Copy the data that follows exactly. Include no pictures.

(Records from a collection)
● ● ● ●

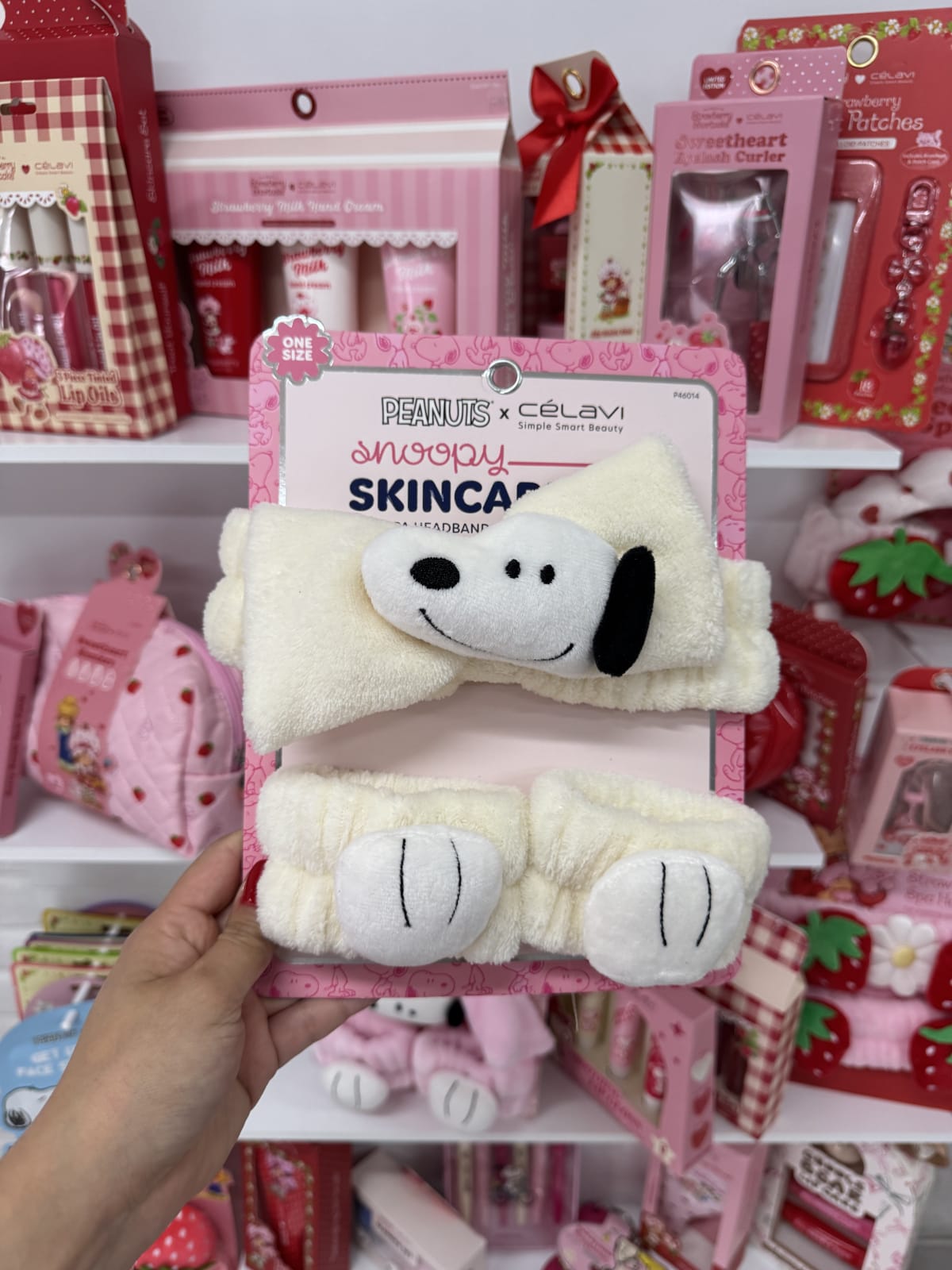 Este adorable set de cuidado facial de Snoopy incluye una diadema y una muñequera en color rosa y crema. Ambos accesorios son suaves y cómodos, ideales para tu rutina de belleza. El set está en buen estado, sin defectos visibles. Perfecto para los amantes de Snoopy y la estética kawaii.
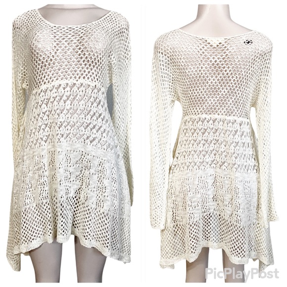 Hem & Thread Sweaters - Hem & Thread Knit/Crochet Open Weave Uneven Hem Sweater/Dress SZ L Ivory
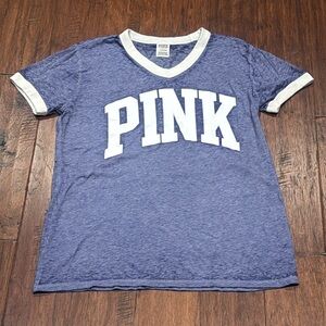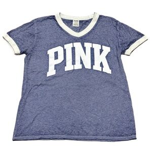 This casual tee from PINK Victoria's Secret features a heathered blue body with white contrast trim on the neckline and sleeves. The bold white 'PINK' logo across the chest adds a sporty touch, making it perfect for a relaxed, everyday look.
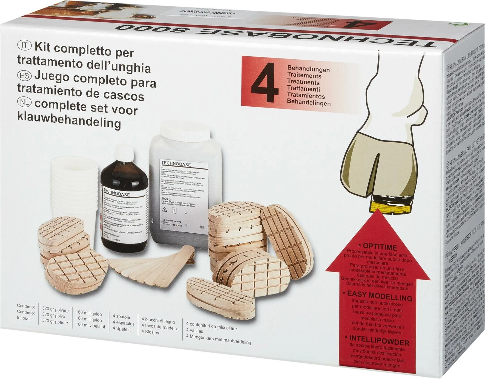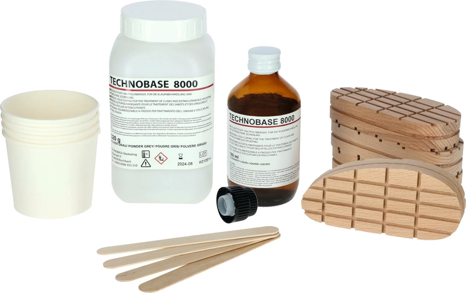 Le système de traitement des onglons Technobase est adapté aux onglons malades ou blessés. Il peut être modelé juste après le mélange et durcit en moins de 4 minutes lorsque la température du produit est de 20 °C. Vous pouvez ainsi être certain que les onglons malades sont soulagés de manière optimale jusqu’à usure du patin en bois. La pâte peut encore être formée et manipulée de manière flexible jusqu’à la polymérisation finale. Le paquet convient pour 4 applications.
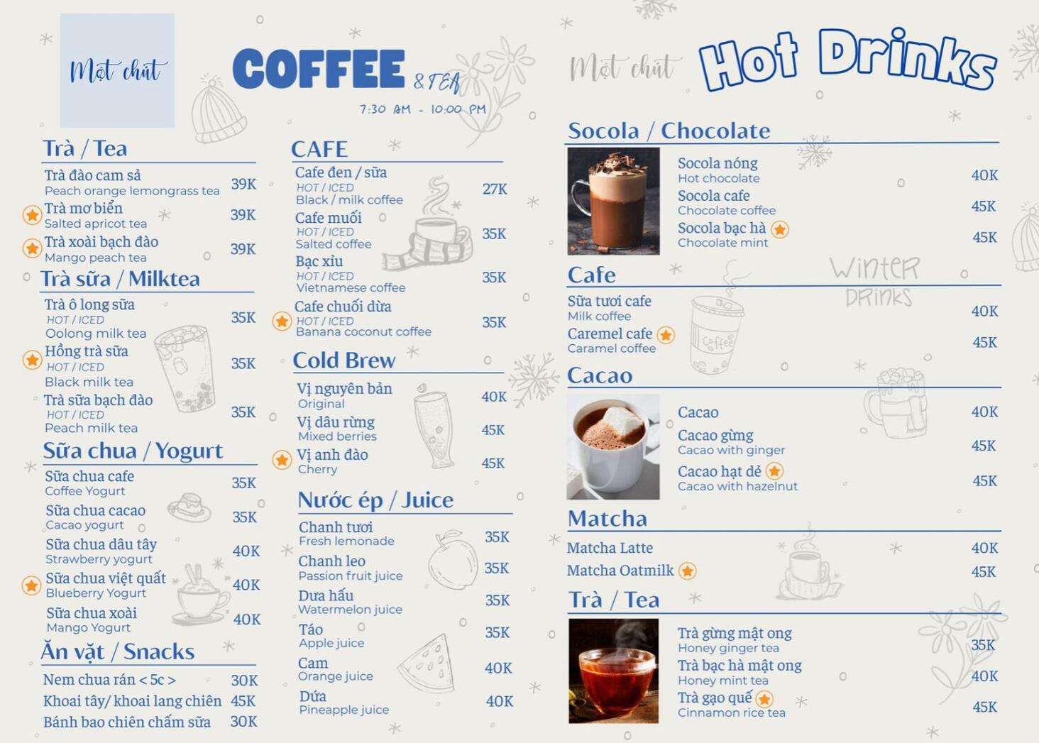 Hãy khám phá menu và chọn cho mình một chút dịu dàng, một chút tỉnh táo hay một chút cảm hứng cho ngày mới.
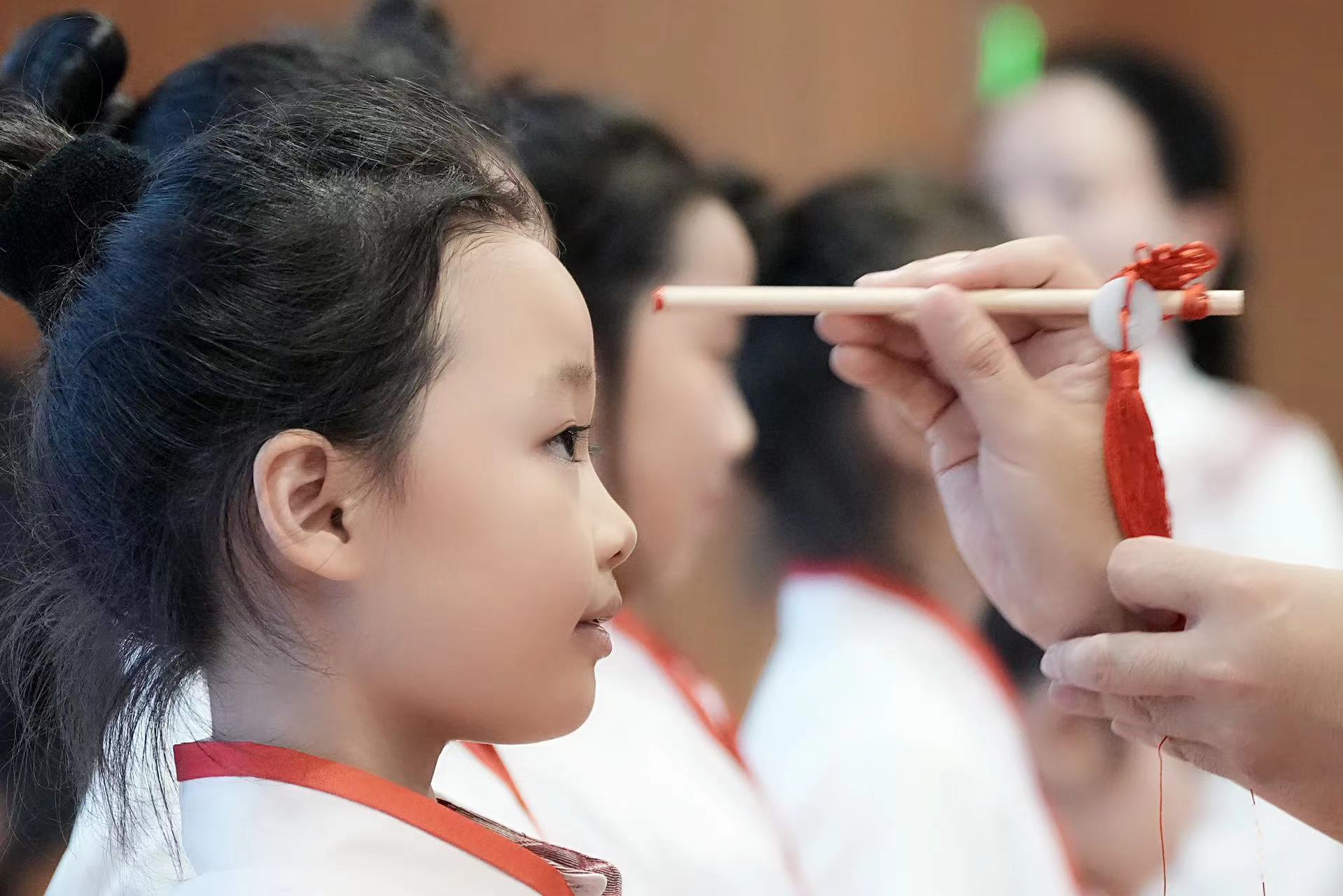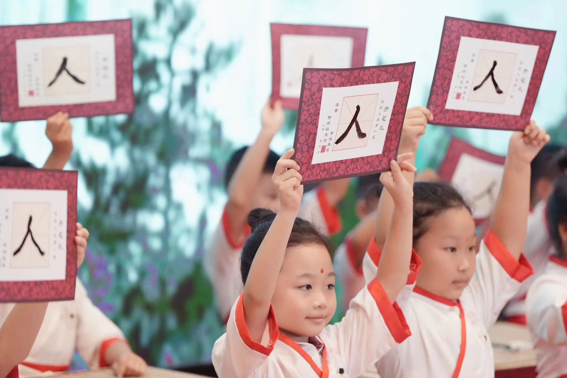 揭牌仪式后,一年级和二年级的新生们在老师们的带领下进行了庄重而富有仪式感的开笔礼。自正衣冠,朱砂启智,启蒙描红,感恩鞠躬,击鼓鸣志,饱含厚重的中国文化气息,蕴含着求学问道、尊师重教的思想,引导孩子们走“正道”、存“善心”、知“礼节”,懂“感恩”。
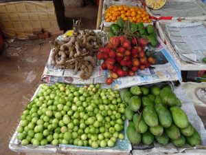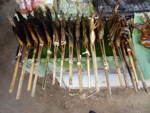 The food is plentiful in the small market areas. There are many types of grilled fish, chicken, frogs and pork that all look delicious.
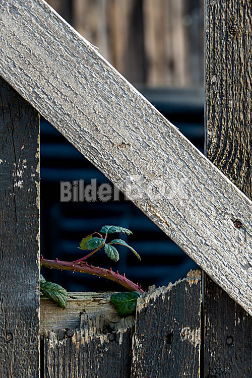 Beschreibung Schößling und alter Bretterzaun, Symbol für Leben, Wachstum, Neubeginn, Kraft, Hoffnung
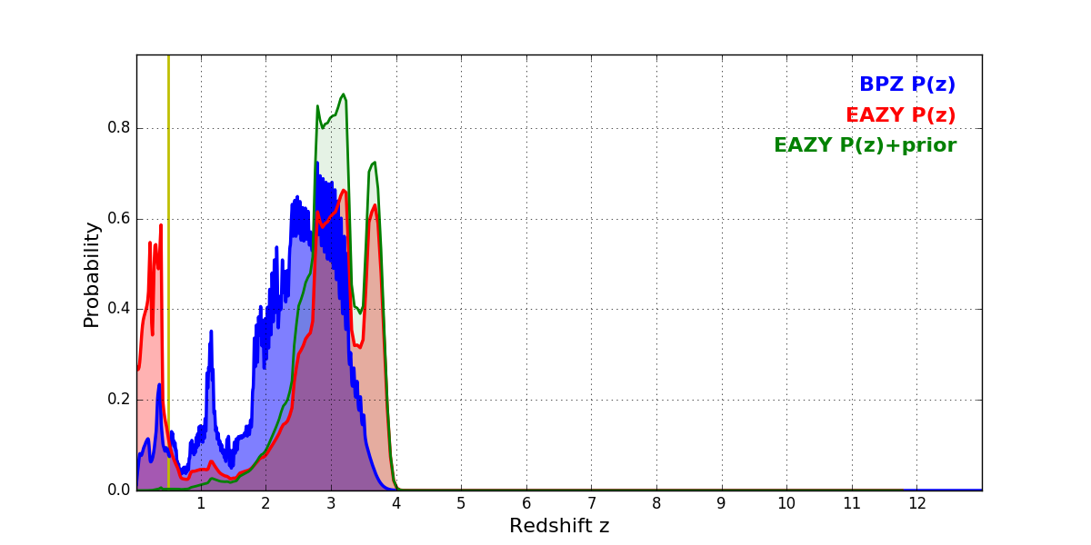 In P(z) plots: Yellow lines mark the cluster redshift z = 0.505,
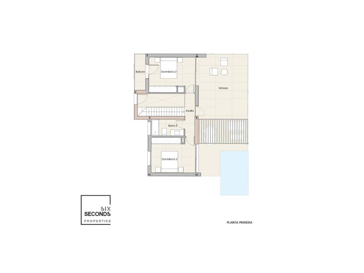 De tweede verdieping heeft 2 slaapkamers , waarvan één met een tweepersoonsbed, kleedkamer en een eigen badkamer. Een lichte gang leidt naar een solariumterras waar u kunt uitrusten en genieten van het prachtige uitzicht op Montgó. Alle kamers profiteren van overvloedig natuurlijk licht en dwarsventilatie.

● ● ● ●

- [Output of the task]
 Este adorable set de cuidado facial de Snoopy incluye una diadema y una muñequera en color rosa y crema. Ambos accesorios son suaves y cómodos, ideales para tu rutina de belleza. El set está en buen estado, sin defectos visibles. Perfecto para los amantes de Snoopy y la estética kawaii.
 Hem & Thread Sweaters - Hem & Thread Knit/Crochet Open Weave Uneven Hem Sweater/Dress SZ L Ivory
 This casual tee from PINK Victoria's Secret features a heathered blue body with white contrast trim on the neckline and sleeves. The bold white 'PINK' logo across the chest adds a sporty touch, making it perfect for a relaxed, everyday look.
 Le système de traitement des onglons Technobase est adapté aux onglons malades ou blessés. Il peut être modelé juste après le mélange et durcit en moins de 4 minutes lorsque la température du produit est de 20 °C. Vous pouvez ainsi être certain que les onglons malades sont soulagés de manière optimale jusqu’à usure du patin en bois. La pâte peut encore être formée et manipulée de manière flexible jusqu’à la polymérisation finale. Le paquet convient pour 4 applications.
 Hãy khám phá menu và chọn cho mình một chút dịu dàng, một chút tỉnh táo hay một chút cảm hứng cho ngày mới.
 揭牌仪式后,一年级和二年级的新生们在老师们的带领下进行了庄重而富有仪式感的开笔礼。自正衣冠,朱砂启智,启蒙描红,感恩鞠躬,击鼓鸣志,饱含厚重的中国文化气息,蕴含着求学问道、尊师重教的思想,引导孩子们走“正道”、存“善心”、知“礼节”,懂“感恩”。
 The food is plentiful in the small market areas. There are many types of grilled fish, chicken, frogs and pork that all look delicious.
 Beschreibung Schößling und alter Bretterzaun, Symbol für Leben, Wachstum, Neubeginn, Kraft, Hoffnung
 In P(z) plots: Yellow lines mark the cluster redshift z = 0.505,
 De tweede verdieping heeft 2 slaapkamers , waarvan één met een tweepersoonsbed, kleedkamer en een eigen badkamer. Een lichte gang leidt naar een solariumterras waar u kunt uitrusten en genieten van het prachtige uitzicht op Montgó. Alle kamers profiteren van overvloedig natuurlijk licht en dwarsventilatie.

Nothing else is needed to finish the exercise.